In his reports to his superiors in Paris, the prison governor, Bénigne Dauvergne de Saint-Mars, tells how Lauzun displayed evidence of deranged behaviour at this time: his cell was in constant disarray and he grew his beard to the point that it gave him a wild appearance. An attempted escape was foiled when, on emerging from his tunnel, he came across a maid who raised the alarm.

It was now intimated to Mademoiselle that Lauzun's restoration to liberty depended on her immediate settlement of the principality of Dombes, the county of Eu and the duchy of Aumale – three properties assigned by her to Lauzun – on Louis Auguste de Bourbon, Duke of Maine, eldest legitimised son of Louis XIV and Madame de Montespan. She gave way, but Lauzun, even after ten years of imprisonment, refused to sign the documents, when he was brought to Bourbon for the purpose. A short term of imprisonment at Chalon-sur-Saône made him change his mind, but when he was set free Louis XIV was still set against the marriage, which is supposed to have taken place secretly.

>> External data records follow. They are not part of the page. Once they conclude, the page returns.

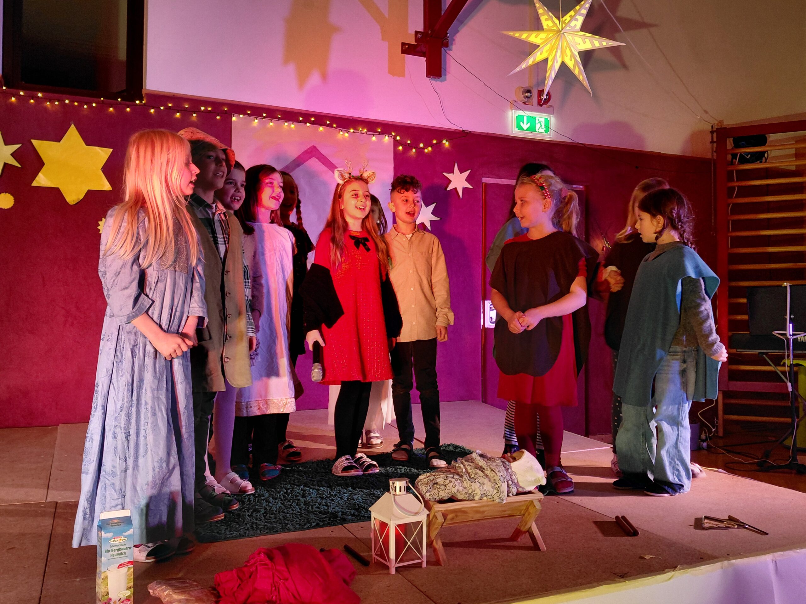 Der Höhepunkt im Dezember war unsere Weihnachtsfeier in der Schule, für die wir ein Krippenspiel geprobt haben. Die Aufregung und die Freude war sehr groß.
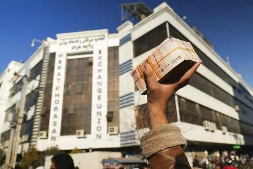 Qandi Gul holds her brother outside their home housing those displaced by war and drought near Herat, Afghanistan. Dec. 16, 2021. Gul’s father sold her into marriage without telling his wife, taking a down-payment so he could feed his family of five children. Without that money, he told her, they would all starve. He had to sacrifice one to save the rest. (AP Photo/Mstyslav Chernov)
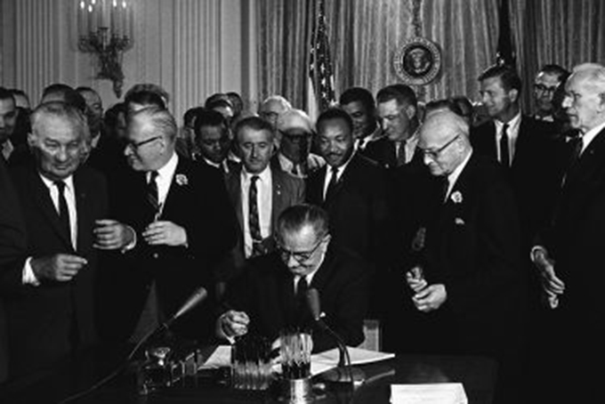 President Lyndon B. Johnson signs the 1964 Civil Rights Act as Martin Luther King, Jr., and others, look on, July 2, 1964. Photo: Cecil Stoughton, White House Press Office (WHPO), via Wikimedia Commons

Married or not, Lauzun was openly courting Nicolas Fouquet's daughter, whom he had seen at Pignerol. He was to be restored to his place at court, and to marry Mademoiselle Fouquet, who, however, became Duchess d'Uzès in 1683.

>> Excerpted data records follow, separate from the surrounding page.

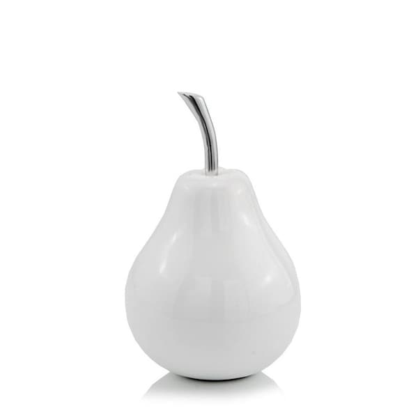 7" White Aluminum Decorative Pear Tabletop Sculpture
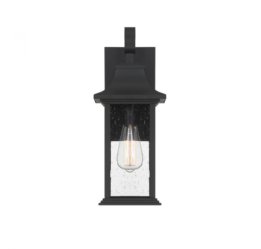 Create a stylish first impression outside your home with this Savoy House Hancock 1-light outdoor wall lantern. Crafted in a timeless classic style, it features a boldly sloped roof, shepherdï¾’s hook detailing and panes of clear seeded glass that ensures a beautiful, dramatic glow. A generously sized backplate helps to cover any holes left from replacing previous fixtures and the versatile black finish means that Hancock goes well with anything. Use this lantern beside your front and side doors or above your garage door. This fixture is 6.75" wide and 17.5" tall. It extends 7.5" from the wall.Uses one standard size light bulb of up to 60 watts (not included).
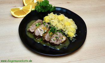 Gänsebrüste in Scheiben schneiden, mit dem Orangen-Sauerkraut auf vier Teller verteilen und mit der gehackten Petersilie bestreuen. Eventuell mit Orangenscheiben garnieren.
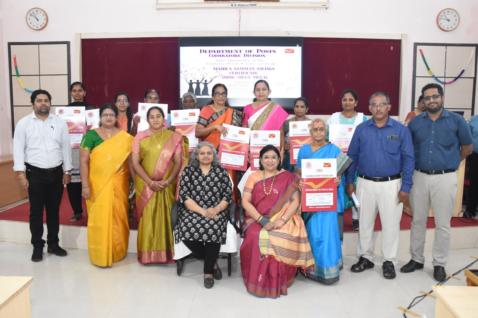 Ms. J.Charukesi CPMG handing over the passbooks of Mahila Saman Saving Certificate at coimbatore on 19.04.2023

In 1685 Lauzun went to England to seek his fortune under James II, whom he had served as Duke of York in Flanders. He rapidly gained great influence at the English court. In 1688 he was again in England, and arranged the journey into exile of Mary of Modena and the infant prince, whom he accompanied to Calais, where he received strict instructions from Louis to bring them "on any pretext" to Vincennes.

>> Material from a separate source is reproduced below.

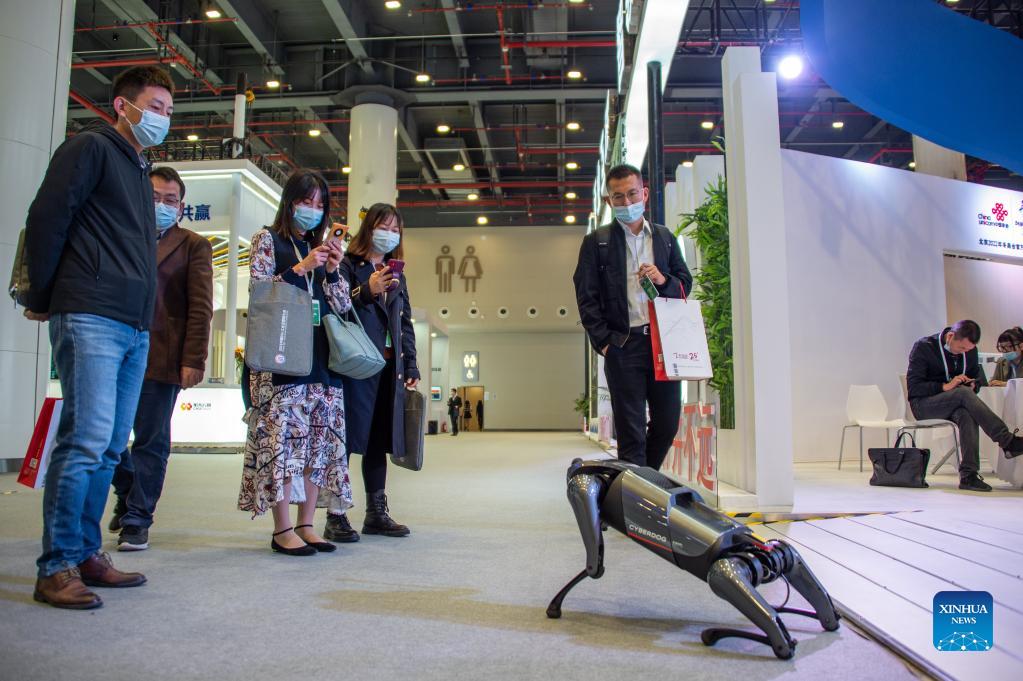 Visitors interact with a cyberdog at China 5G+ Industrial Internet Conference in Wuhan, central China's Hubei Province, Nov. 20, 2021. China 5G+ Industrial Internet Conference runs from Nov. 19 to 21. (Photo by Wu Zhizun/Xinhua)

In the late autumn of 1689 he was put in command of the expedition fitted out at Brest for service in Ireland, and he sailed in the following year. Lauzun was honest, a quality not too common in James II's officials in Ireland, but had no experience of the field, and he blindly followed Richard Talbot, Earl of Tyrconnel. After the battle of the Boyne they fled to Limerick, and thence to the west, leaving Patrick Sarsfield to show a brave front. In September they sailed for France, and on their arrival at Versailles Lauzun found that his failure had destroyed any prospect of a return of Louis XIV's favour. In 1692, under the influence of Mary of Modena he was created Duke of Lauzun.

Mademoiselle died in 1693, and two years later Lauzun married Geneviève Marie de Durfort (1680-1729), a child of fourteen, daughter of the Guy Aldonce de Durfort, Duke de Lorges. Queen Mary, through whose interest Lauzun secured his dukedom, retained her faith in him, and it was he who in 1715, more than a quarter of a century after the flight from Whitehall, brought her the news of the Battle of Sheriffmuir. After his death, the dukedom of Lauzun fell to his niece's husband, Charles Armand de Gontaut.

See the letters of Madame de Sévigné and the memoirs of Saint-Simon, who was Lauzun's wife's brother-in-law.